In today's society, mild bondage and analysis sex is considered 'normal' among the younger generation, not so in the older generation. As gay sex is considered mainstream, it's no wonder heterosexual people are trying it.

If it's not your choice, fine, but it is considered pretty normal among people under 30.

Janethegirl · 15/07/2015 22:16

Analysis = anal, I love predictive textSmile

BertrandRussell · 15/07/2015 23:05

"Most 13 year old girls read much more sexually explicit publications than 50 Shades"

Really? Like what?

And I suspect you are very young or have no daughters if you think that the mainstreaming of BDSM and anal sex among the very young is a good idea.

Janethegirl · 15/07/2015 23:13

Bertrand my daughter is adult!

Janethegirl · 15/07/2015 23:15

I'm not allowed to put what my dil is into Wink

Tumbpin · 16/07/2015 09:24

Most 13 year olds read more explicit books that 50 shades? That must be one of the funniest things I have ever read on mumsnet Grin

Tumbpin · 16/07/2015 09:24

Is your dil 13?

Gileswithachainsaw · 16/07/2015 09:33

Was I the only one not reading romantic fiction or crap like 50 shades at school?

no wonder I never fitted in Grin

too busy reading horror stories and books about alien abduction and ghosts.

I think it's pretty hard to censor kids reading at secondary isn't it? they are in town on their own with access to libraries both in and out if school

APlaceOnTheCouch · 16/07/2015 12:18

Giles I read everything I could find so yy I read Forever but also mysteries, science fiction, poetry, historical novels, ghost stories, books on lateral thinking, etc. I wouldn't have said romantic fiction was my mainstay at all and I still haven't read Flowers in the Attic despite my DM having the full series

I know my parents tried to censor what I watched (both on TV and in the theatre - my DF was horrified that The Crucible might have naked people having sex on stage Grin ) but I don't remember them policing what I read in the same way, maybe because they realised I could read wherever I wanted and it was an impossible battle to win or possibly because I didn't go home and tell them that everyone was reading Forever at lunchtime.

Since the OP's DD did tell her about 50 Shades, I wonder what response her DD was expecting. Maybe she was wanting to provoke a conversation about relationships; maybe it was just a passing comment; maybe it was an attempt to get the OP to go into school and get it banned? I don't know but I do think that's relevant to how the OP should respond too.

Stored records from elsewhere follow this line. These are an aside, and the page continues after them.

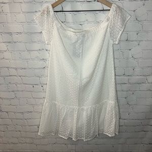 Tags: Revolve, Nordstrom, Anthropologie, day, casual, off shoulder, white, flounce, cottagecore, engagement, bachelorette, pretty, feminine, brunch, lace, bridal shower, party, night out, contemporary, neutral, eyelet
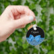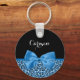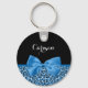 Um chaveiro jaguar preto e azul giro com uma faixa azul brilhante brilhante amarrada em um arco bonito. Personalize esta moda design de impressão animal estilo leopardo acrescentando o nome da sua adolescente. Imagem impressa plana, não arco real.
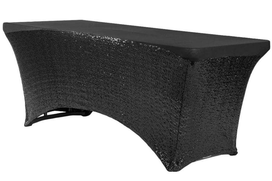 6ft Spandex Sequin Table Cover- Black
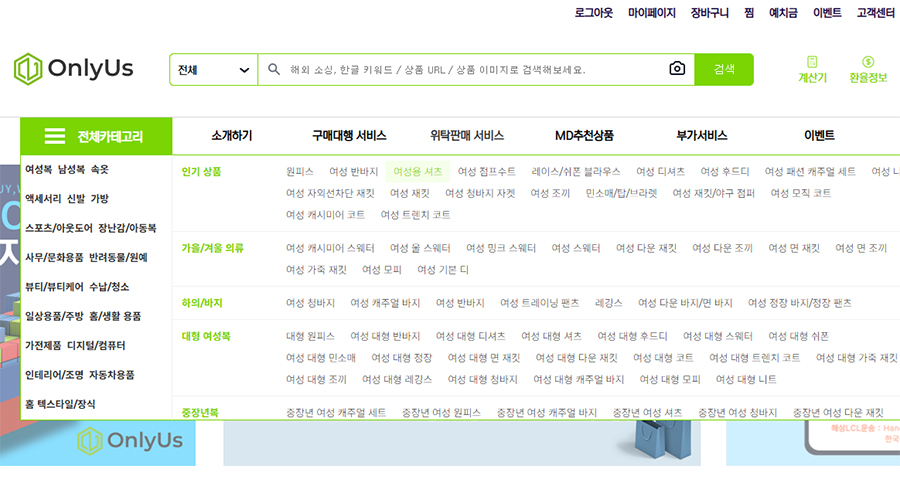 온리어스에서 제공하는 상품 카테고리 메뉴를 통해 상품 유형별로 탐색하며 상품을 찾을 수 있습니다.
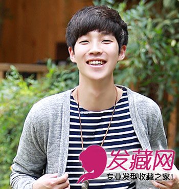 很适合娃娃脸男生的一款短发发型,不仅简单而且有个性。一款类似于波波头的造型,微斜的刘海发型 。单眼皮的男生可以一试哦,这样看起来不仅显呆萌而且显出男生憨厚单纯的一面。
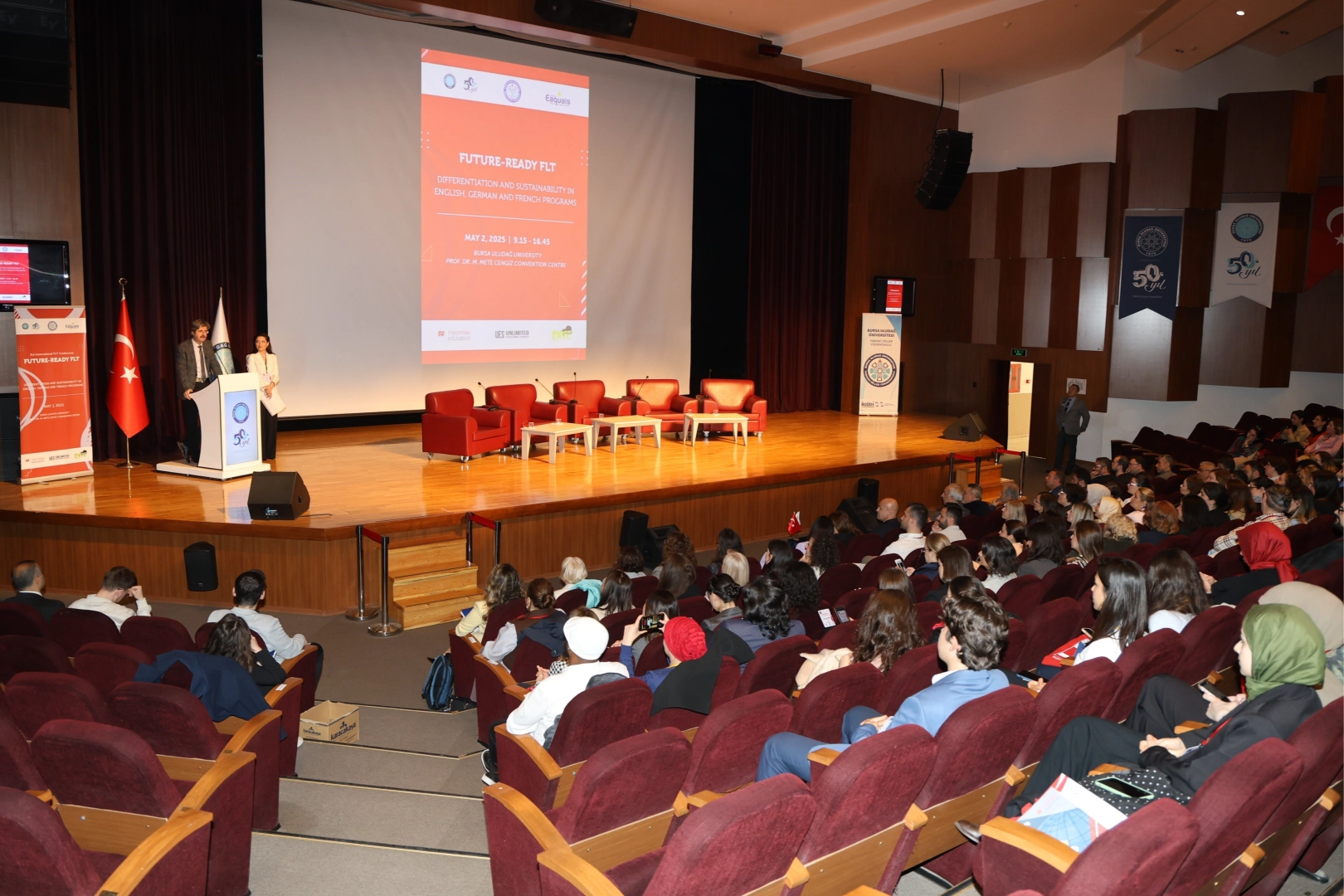 Mete Cengiz Kültür Merkezinde gerçekleşen "Differentiation and Sustainability in English, German and French" isimli programın açılış törenine BUÜ Rektörü Prof. Dr. Ferudun Yılmaz, Yabancı Diller MYO Müdürü Prof. Dr. İsmail Güler, MYO yöneticileri, McMillian Education Batı Avrupa Satış ve Pazarlama Direktörü Erdem Hacıfazlıoğlu ile çok sayıda akademisyen ve öğrenci katıldı. Açılışta konuşan BUÜ Rektörü Prof. Dr. Ferudun Yılmaz, "Bursa Uludağ Üniversitesi olarak 23 araştırma üniversitesinden birisiyiz ve bunun önemli boyutlarından birisi uluslararasılaşmadır. Ayrıca mevcut programlarımız içerisinde yüzde yüz İngilizce olan iki tane lisans programımız var. Bu sene YÖK'e gönderdik ve üçüncüsünü de teklif ettik.
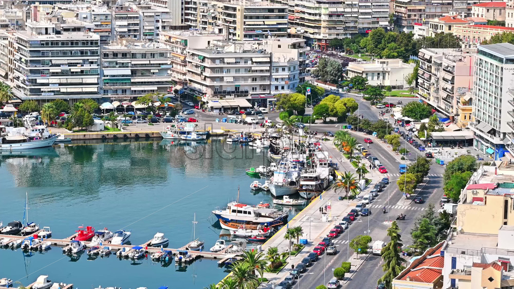 Aerial view of Kavala. Rows of residential buildings, Aegean sea port with moored yachts, roads with people and cars, green hills on the background. Greece Royalty Free Stock Video Footage
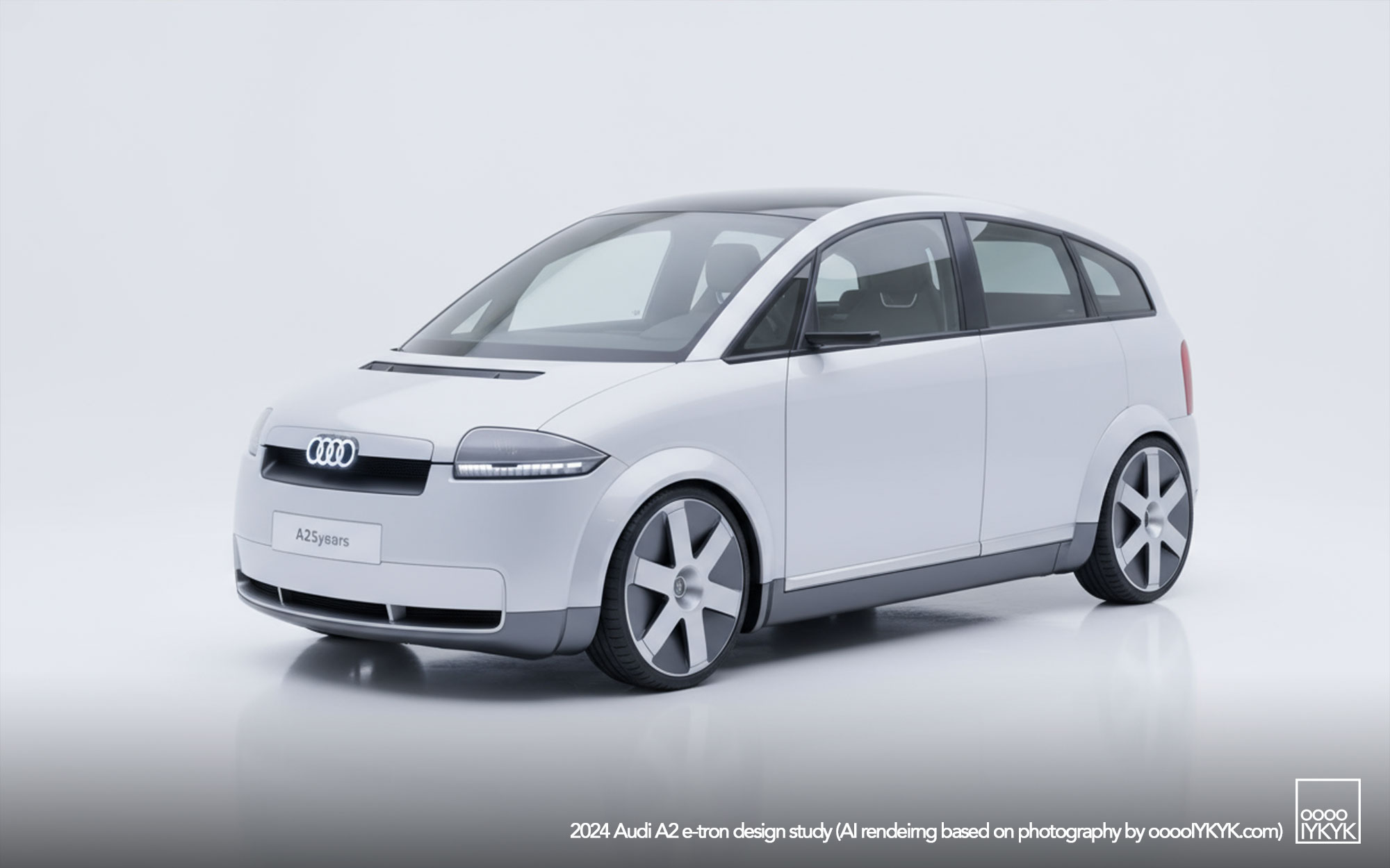 The Audi A2 e-tron Concept is a one-off electric prototype created in 2024 by Audi trainees and students to mark the 25th anniversary of the original Audi A2. Developed within Audi’s apprenticeship programme, the project follows earlier student-led studies such as the RS6 GTO (2020) and the NSU EP4 (2023).
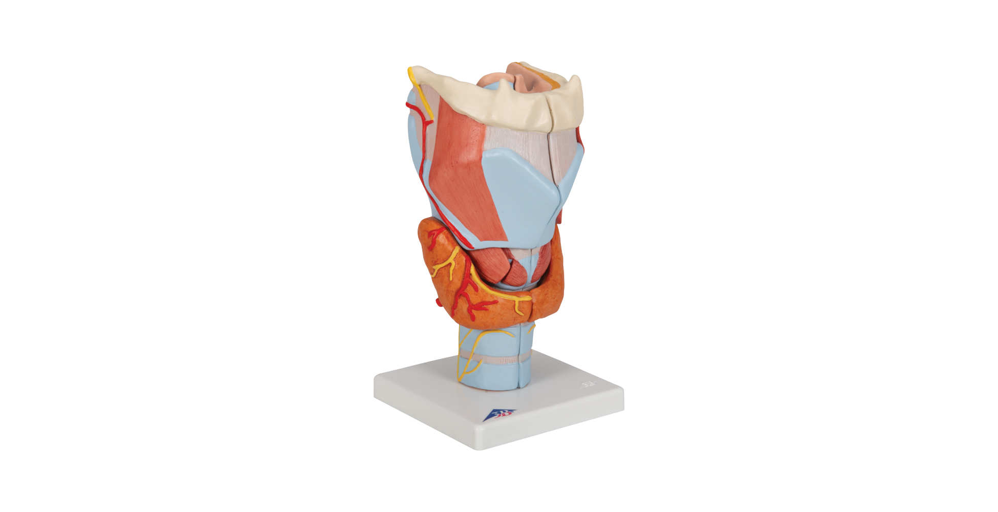 Este modelo anatómico de tamaño natural presenta un corte medio detallado de la región del cuello, permitiendo observar con precisión la estructura y relaciones anatómicas de la laringe, tráquea, glándula tiroides, ligamentos, músculos, vasos sanguíneos y nervios cervicales. Es ideal para la enseñanza de anatomía humana en instituciones médicas y centros de formación profesional.

Lurkedforever1 · 16/07/2015 12:31

Same as aplace I read anything I could get my hands on, even if with shite like mills and boon or stuff that well written did not appeal ( Dickens) I had to force my way through a few chapters to justify my opinion that in the absence of anything else I'd still rather re- read something else. So obviously that covered every variety at some point or other.
Another point with not imposing strict boundaries is that it gives them the kudos to be able to say no without being labeled as goody goody by peers. Nobody gave my daughter grief when a friends parent put grey friars Bobby on, and she refused to watch further, because they all know that to some extent she gets more freedom than many in terms of age appropriate media. But I do remember another child getting grief when they found a similar thing upsetting because they were labeled a baby who only ever watched baby stuff.